飯田 そうですね。クリエイターがいて評論する人がいて成り立っているというどこの業界にでもある構造がYouTube界にある。でも、批評専業のひとはほとんどいない(2ちゃんはあるけど匿名だから)。そういう意味では、YouTubeの世界は現代詩に似ているんですねw お互い言及しあってディスりあっているという意味では評論業界にも近いけど。

藤田 字の批評は、字に慣れた読者にしかリーチしないから、映像の批評は映像でやるべきだ、とぼくは昔から思っていたけど(いくらか実際にやっていますが)、ジジェクが「映画を批評する映画」を作ったり、浅田彰さんがTVで高速道路を走っているのを背景にポストモダンを語っているのと似ているのかもしれない。その子孫というのかな。

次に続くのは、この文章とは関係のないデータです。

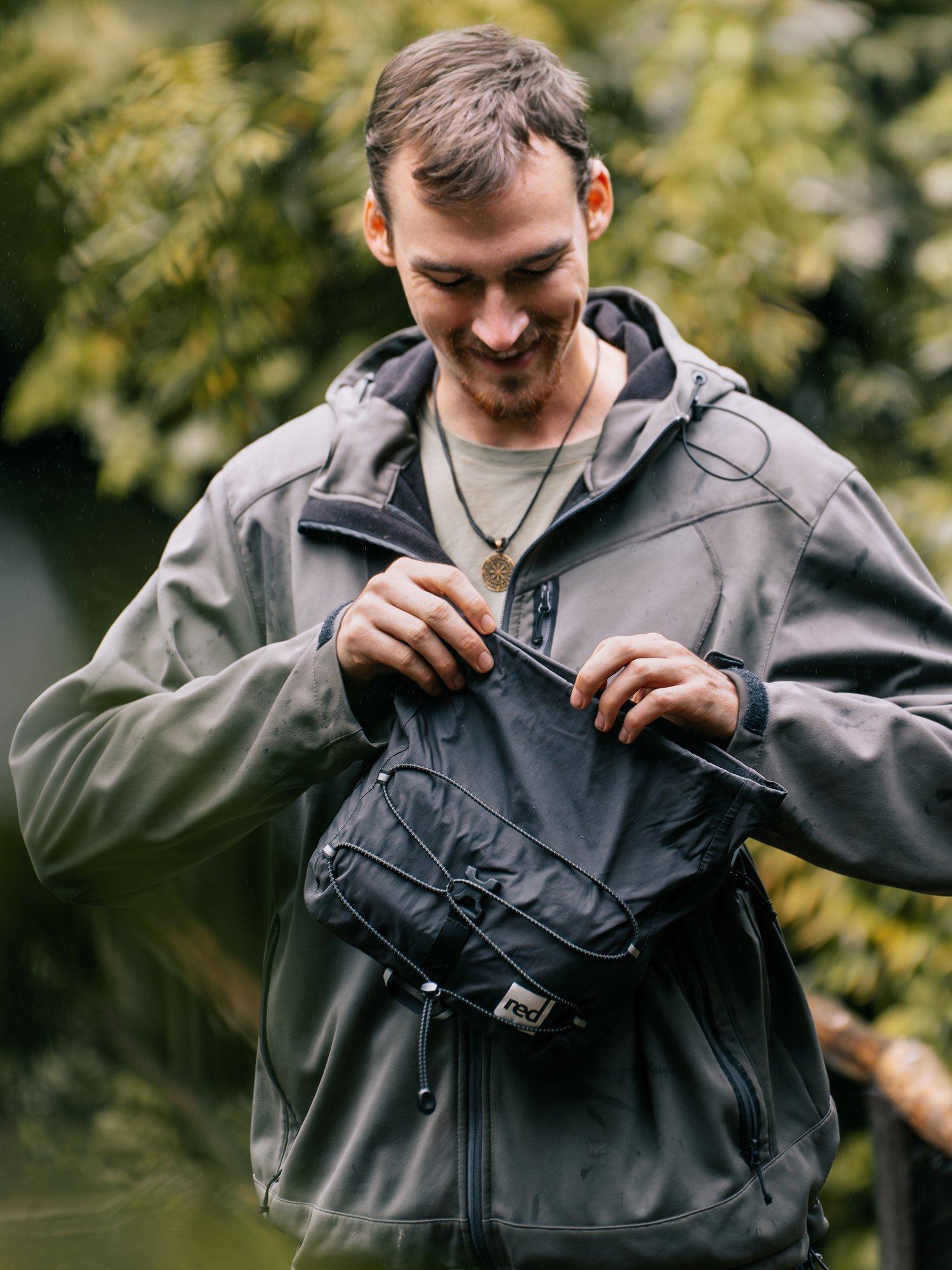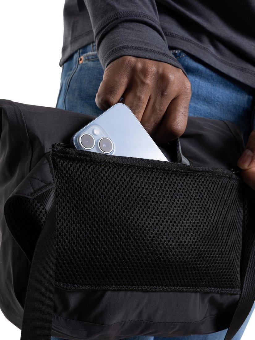 Protecting essentials from the elements without bulk, it’s made from supple, abrasion-resistant nylon Taslan with non-toxic PFC-free DWR waterproofing. The roll-top closure with magnetic poppers is reliably weather-resistant yet easy to access, secured with an adjustable quick-release cross-clip.
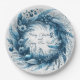 Merry Christmas Happy New Year Blue Wreath Paper Plate
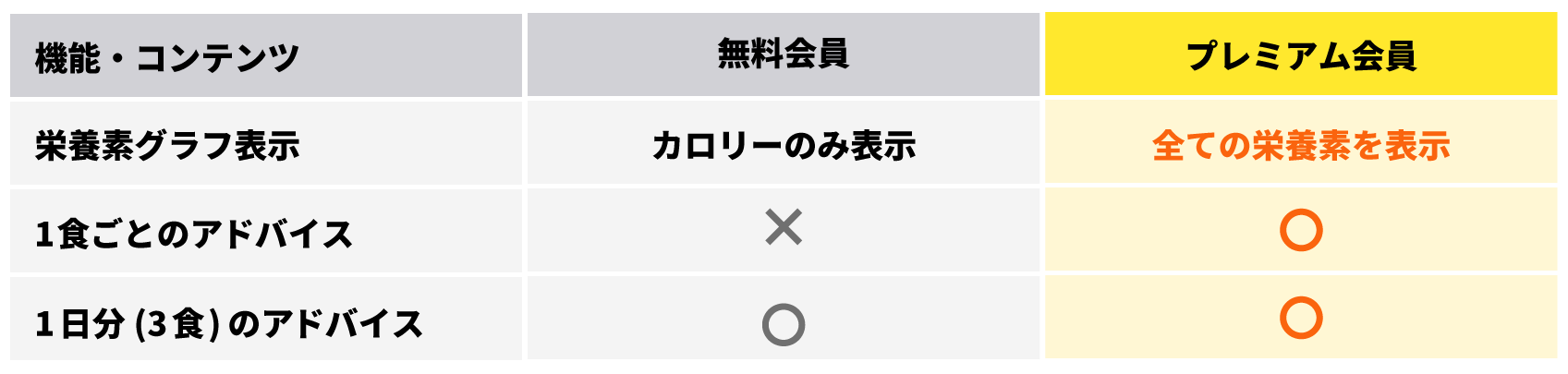 管理栄養士から毎日健康に関するアドバイスが届きます。1日の栄養バランスに関してのアドバイスと★5段階で健康度が表示されます。さらにプレミアム会員は1食単位の栄養アドバイスを受けることができます。
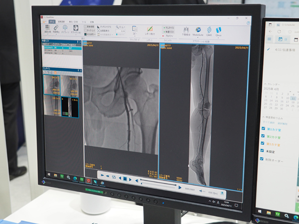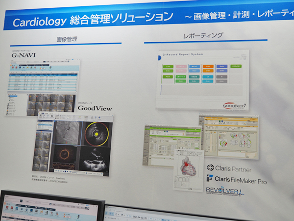 Cardiology総合管理ソリューションのGOODNETは,2000年の発売以降,国内350以上の施設で導入されている。最新バージョン「GOODNET 7」は使いやすさを追求したほか,医療現場の安全性や働き方の改善といったユーザーニーズの実現をめざし,新たな機能が開発・搭載されている。新たに搭載されたG-Schedulerはカテーテル室のスケジューリングシステムで,オンライン上でカテーテル室の予定を編集・管理できる。煩雑になりがちなカテーテル室のスケジューリングにおいて,無理のない予定管理や緊急対応の可否の確認などがカテーテル室外でも可能なほか,患者ごとの穿刺部位やアレルギー・感染症情報などを病棟看護師などの関係者が把握できる。また,DICOMビューワのGoodViewは画像閲覧だけではなく,IVUS,OCTの長軸画像構築や簡易計測,資料作成には欠かせない各種ファイルのフォーマット変換など,多彩な機能を搭載している。ブースでは,下肢のパンニングされた動画像から下肢長尺画像をワンクリックで自動構築する下肢結合機能が紹介された。
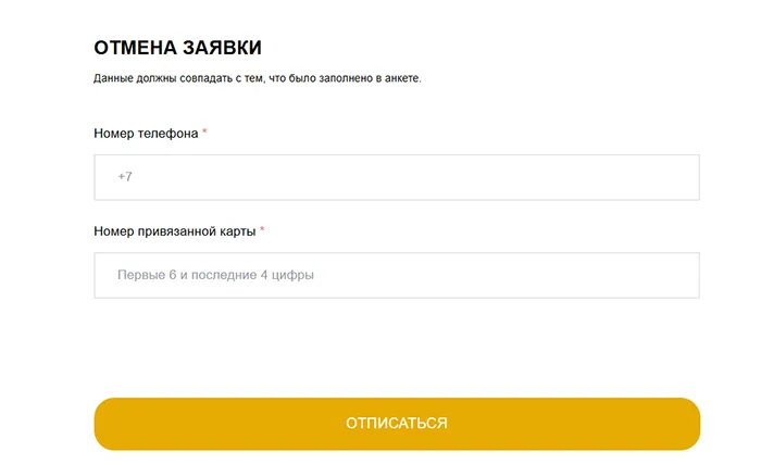 Для отказа от услуги 3zaem необходимо открыть форму на сайте по ссылке https://3zaem.ru/unsubscribe. Далее заполнить поля, указав номер телефона и данные привязанной карты. Чтобы отписаться от подписок 3заем, следует нажать на одноименную кнопку и ориентироваться на подсказки системы.

飯田 映像による映像批評ができる環境が整ったことも大きいだろうね。
 シバターは「ファンを減らさずに言いたいことを言ってるキャラみたいなスタイルをやる」って自分でも言っていて、評論家/ヒールポジションを引き受けている。

シバターのねじれた知性


飯田 ただねじれているっていうか、それが「キャラ」であることがバレてるのにキャラを演じ続けつつ、しかも手の内も自分でしゃべりつつやるという、めんどくさいことをやっている。
 まあでも……今はみんなそういう生き方しかできないのかもしれない。「俺、こういうキャラだから」「でもこういうキャラ疲れるんだよね」「こういうキャラでいるとわりと人気出るから」とか全部言っちゃいながらやるという。

藤田 そりゃ、「キャラ」だと分かっていてもノルのがプロレスですからねw しかし、その自己言及性とメタ性は気になるところですね。知的なんですね。
 ビジネスの手法として、その基盤を自ら掘り崩すやりかたをする人は少ないと思いますよ。手の内をバラすこと自体によって、自身の活動を維持するのは、ある意味、沼にはまったときに自分で自分の頭を引っ張って宙に浮かんだミュンヒハウゼン男爵みたいなところがありますね。でも、「崩れそう」なギリギリのスリルを提示しつつ、フェイクとガチの境界線上に立ち続ける才覚は、やっぱ、バランス感覚というか、才能と言うしかない。
「本業はこれじゃない」っていうのも大きいかもしれませんね。それで、「これで食っていくしかない」人にはできない吹っ切れたことが出来てしまう。

飯田 いやたぶん収入的には動画関連がいちばん大きいと思いますよ。

藤田 収入よりは、(少なくとも当初の)アイデンティティの持ち方としてですね。

飯田 ああ、それはそうですね。
 シバターみたいなコワモテが斬る、キレる、ボケる。シンプルに、こういうのがうけるのはわかる。でもそれにとどまらない「ねじれ」、メタ性を抱えているのが僕は魅力に感じます。シバターと同じ内容をヒョロいひとが言ってもたぶん迫力が出ない。このガタイだから成立している。しゃべりの内容と本人の身体性が不可分なのがやはりYouTuberの世界なんだと思う。シバターを見ていると『フリースタイルダンジョン』みたいな感じで『YouTuberダンジョン』をやればいいんじゃないかw バトルYouTube。お互いをいじる動画と俺SUGEEをアピールしまくる動画をつくって対決。盛り上がる……はず。

藤田 個人的には、非常に好きなYouTuberさんでした。また傑作を作ってください!
身体的な迫力はすごいw やっぱ、できないことをやってくれる。カッコいいです。